The only questions presented in the present case involve the construction of the two statutes relied on by appellee. We shall consider first the questions arising on section 19. This section provides as follows:
“If a person entitled to bring an action die before the expiration of the time limited for the commencement thereof, and the cause of action survives, an action may be commenced by his representatives after the expiration of that time, and within one year from his death. If a person against whom an action may be brought die before the expiration of the time limited for the commencement thereof, and the cause of action survives, an action may be commenced against his executors or administrators after the expiration of that time, and within one year after the issuing of letters testamentary or of administration.”

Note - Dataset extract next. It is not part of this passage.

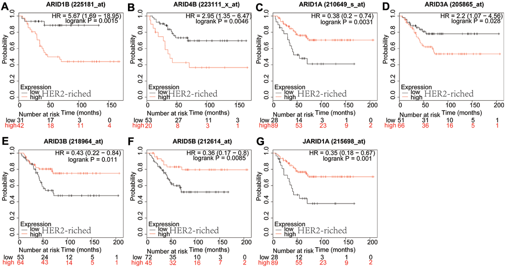 In luminal B type breast cancer, ARID2 (Figure 4A: p=0.045) and JARID1B (Figure 4B: p=0.0012) were correlated to a shorter OS. However, ARID3B (Figure 4C: p=0.0002), ARID5A (Figure 4D: p=0.0006) and ARID5B (Figure 4E: p=0.0037) were correlated with better survival. The rest members of the ARID family were not related to prognosis in breast cancer of luminal B (Supplementary Figure 4). In HER2-riched breast cancer patients, ARID1B (Figure 5A: p=0.0015) and ARID4B (Figure 5B: p=0.0046) were interrelated with shorter OS. However, ARID1A (Figure 5C: p=0.0031), ARID3A (Figure 5D: p=0.0285), ARID3B (Figure 5E: p=0.011), ARID5B (Figure 5F: p=0.0085) and JARID1A (Figure 5G: p=0.001) were associated with better survival. The rest members of the ARID family were not interrelated with prognosis in HER2-riched breast cancer (Supplementary Figure 5).

Genslinger died September 15, 1920. His widow, appellant, began the present action September 24, 1921, a little over a year after the death of Genslinger. Counsel for appellant contend that this action is one for “conversion”; that the cause of action accrued June 24, 1919, the date of the alleged forfeiture and cancellation of the certificates of membership; that section 15 of the Statute of Limitations [Cahill’s Ill. St. ch. 83, ¶ 16] governing actions for conversion allows such actions to be brought within five years after the cause of action accrues; and that the action, having been commenced September 24, 1921, was within the five years provided by the statute. Counsel for appellee maintain that under section 19 the present action should have been brought within one year from the death of Genslinger; and that as it was begun more than a year after his death, it is barred by the statute.
The part of the statute in controversy is as follows:
“If a person entitled to bring an action die before the expiration of the time limited for the commencement thereof, and the cause of action survives, an action may be commenced by his representatives after the expiration of that time, and within one year from his death.”

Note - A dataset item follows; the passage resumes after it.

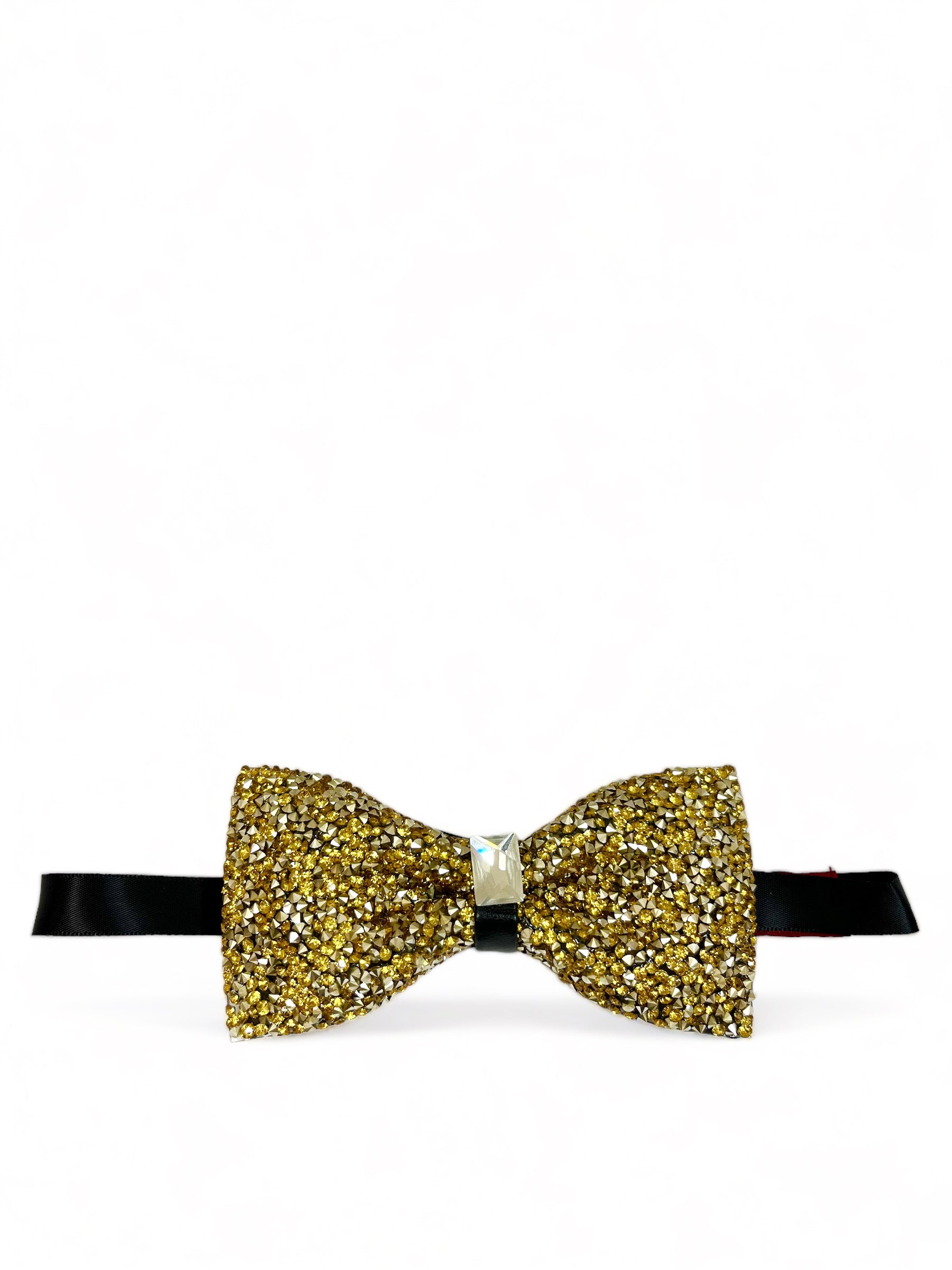 Formal Gold Crystal pre-tied Rhinestone Bow Tie. Hand Made of 100% Polyester. Contemporary Bow Tie Cut. Modern Design, Size adjustable...

The statute is ambiguous and must therefore be construed.
The part of the statute just quoted has been expressly construed by the Appellate Court of the Second District of this State in the case of Pinkney v. Pinkney, 61 Ill. App. 525. The remaining part of the statute relating to actions commenced against the executors or administrators of the decedent, which part is the same in principle as the part quoted above relating to actions commenced by representatives of the decedent, has been construed by the Supreme Court of this State in the case of Wellman v. Miner, 179 Ill. 326. The constructions of the two courts are not precisely the same, but both are opposed to the construction contended for by counsel for appellee. Statutes similar to the one in question have been construed by courts of other States. Some of those constructions differ from each other, but they are all contrary to the contention of counsel for appellee. In one State the Supreme Court, after construing the statute in one way, disapproved of the construction in a later decision, and announced a different construction.

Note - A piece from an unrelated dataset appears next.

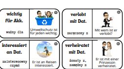 27 przykładów przymiotników łączących się z przyimkami w odpowiednim przypadku wraz z przykładem tak, aby uczniowie mogli uczyć się w kontekście. Dodatkowo wykorzystano naklejki Bitmoji - dla lepszego kojarzenia danego zagadnienia.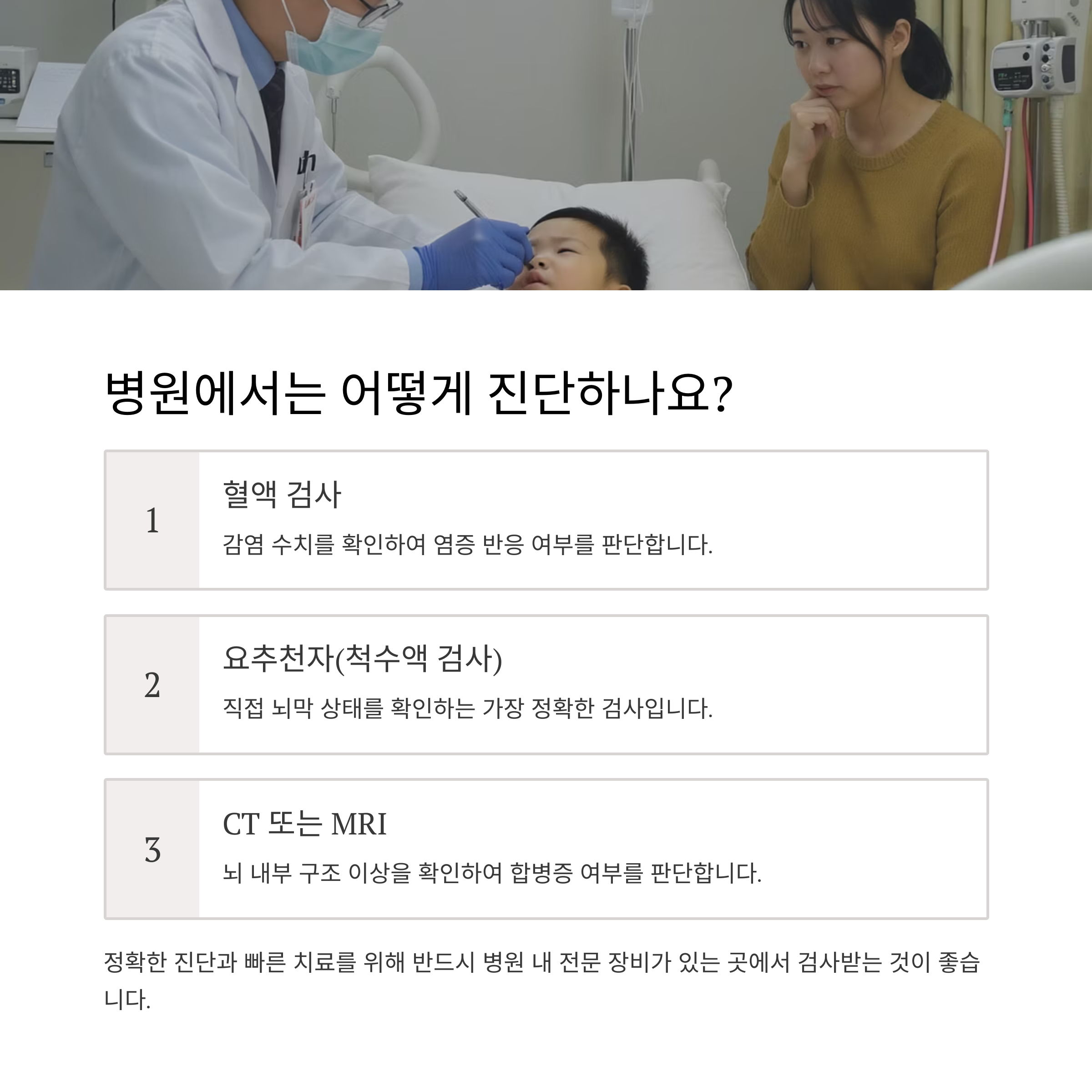 의심 증상이 있을 경우, 병원에서는 다음과 같은 과정을 통해 뇌수막염 여부를 진단합니다.

Does the part of section 19 in question mean to give the representatives of the decedent the unexpired time of the decedent and one year additional, dating from his death! Or does it intend to provide for two contingencies; that is, does it provide for a contingency where, at the time of the death, the decedent had more than one year remaining under the statute of limitations within which to bring the action, and also for a contingency where he had less than a year? Does it intend in the former event to give to the representatives the same time that the, decedent had if that time is more than one year, and in the latter to give to the representatives one year even though the time the decedent had is less than a year ? Or is it the intention, as counsel for appellee contend, to make a single provision prescribing the time within which the action may be brought by the representatives and to fix that time at one year? To put the contention of counsel for appellee in another way, does it mean that the action shall be brought in one year even though the decedent, had he lived, may have had more than a year within which to commence it? If the latter construction is correct, then the provision of the statute deprives the representatives of a right which the decedent possessed.« Such an interpretation would seem to be wholly unreasonable. It would also be an interpretation which would not give effect and meaning to all the clauses of the part of the statute in question. According to such a reading, one clause would allow the action to be commenced by the representatives after the expiration of the time that the decedent had under the general statute of limitations, and the next clause would take away this right, and limit the time for bringing the action to one year from his death.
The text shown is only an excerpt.